Suppose \(\mu \) is an \(\alpha \)-dimensional fractal measure for some \(0<\alpha <n\). Inspired by the results proved by Strichartz (J Funct Anal 89:154–187, 1990), we discuss the \(L^p\)-asymptotics of the Fourier transform of \(fd\mu \) by estimating bounds of

$$\begin{aligned} \underset{L\rightarrow \infty }{\liminf }\ \frac{1}{L^k} \int _{|\xi |\le L}\ |\widehat{fd\mu }(\xi )|^pd\xi , \end{aligned}$$

for \(f\in L^p(d\mu )\) and \(2<p<2n/\alpha \).
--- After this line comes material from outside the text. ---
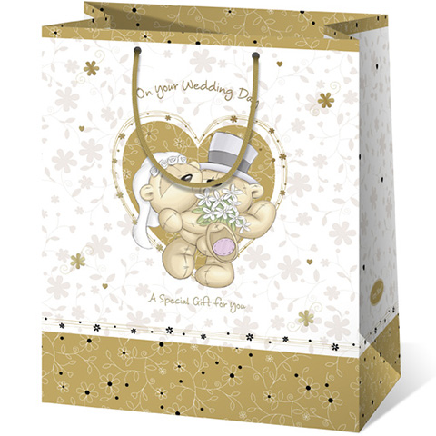 Egy esküvőre nem illik üres kézzel beállítani, ugyanakkor a csomagolással járó vesződség nagy részét meg lehet spórolni, ha a nászajándékot egy ilyen aranyos dísztasakban adjuk át. A fehér és arany színek remekül illenek az alkalomhoz az aranyos, mackós minta pedig kedvességet sugároz. A közepes méretű, álló kialakítású ajándéktáska kiváló minőségű, telített színekkel készített nyomata szép megjelenést, míg a lakkozott vastag papír és az erős zsinórfüles kialakítás tartósságot kölcsönöz neki, hogy a benne lévő ajándékok biztonságban legyenek.

In a different direction, we prove a Hardy type inequality, that is,

$$\begin{aligned} \int \frac{|f(x)|^p}{(\mu (E_x))^{2-p}}d\mu (x)\le C\ \underset{L\rightarrow \infty }{\liminf }\frac{1}{L^{n-\alpha }} \int _{B_L(0)}|\widehat{fd\mu }(\xi )|^pd\xi \end{aligned}$$

where \(1\le p\le 2\) and \(E_x=E\cap (-\infty ,x_1]\times (-\infty ,x_2]\ldots (-\infty ,x_n]\) for \(x=(x_1,\ldots x_n)\in {\mathbb R}^n\) generalizing the one dimensional results by Hudson and Leckband (J Funct Anal 108:133–160, 1992).